On Two Decades of Sid Meier's Alpha Centauri - richardhod
https://www.eurogamer.net/articles/2019-08-18-on-two-decades-of-sid-meiers-alpha-centauri
======
AndrewBissell
It's interesting to examine Alpha Centauri's political perspectives in light
of the fact that it was released in 1999. The triumph of "the old world's
liberal order" seemed so permanent that public intellectuals were writing
paeans to "the end of history," yet here was a game premised on the ultimate
breakdown and fragmentation of that order.

------
mighty_bander
Coincidentally, I last played this game about a week ago. The article does a
better job of describing it than I could, but I will say that it's a deep game
worth playing many times over. You'll keep learning quirks and tricks and
optimizations for years.

------
Endy
This doesn't even get into the expansion, which I find odd. Sure there's
aliens, but what about the Free Drones, or the Data Angels?

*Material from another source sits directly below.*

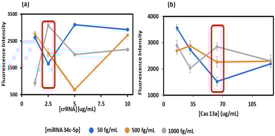 The assay was designed to be conducted in 3D-printed 96-well plates with individual crRNA/Cas13a’s chemically bound to chemisorbed chitosan in each well. CrRNA optimization was carried out by testing concentrations of the miRNA in the range of 1–10 μg/mL with maximum Cas13a (127 μg/mL) to maximize signal separation, e.g., shown for miRNA30e-5p detection (Figure 3a) [20,41]. The best crRNA was selected for each of the analyte miRNAs, as the value that provided increased fluorescence from low to high values in the correct order. This crRNA level was then used to optimize Cas13a (range 16–127 μg/mL) using the same criteria (Figure 3b).

It feels like
there's a clear analogy to some of the discussion going on today (re: Google)
where the morality of the DA might matter. Or, if you want to go
environmentalist about it, the Pirates. The article talks about altering the
sea levels, and there's a faction who actually prefers the ocean to land.

It is pretty telling to me what the devs thought that the Spartans canonically
lose in their vendetta against the Gaians after the mind worms are controlled.
And the Fundies can't catch up before that 10 year research prohibition bites
them hard.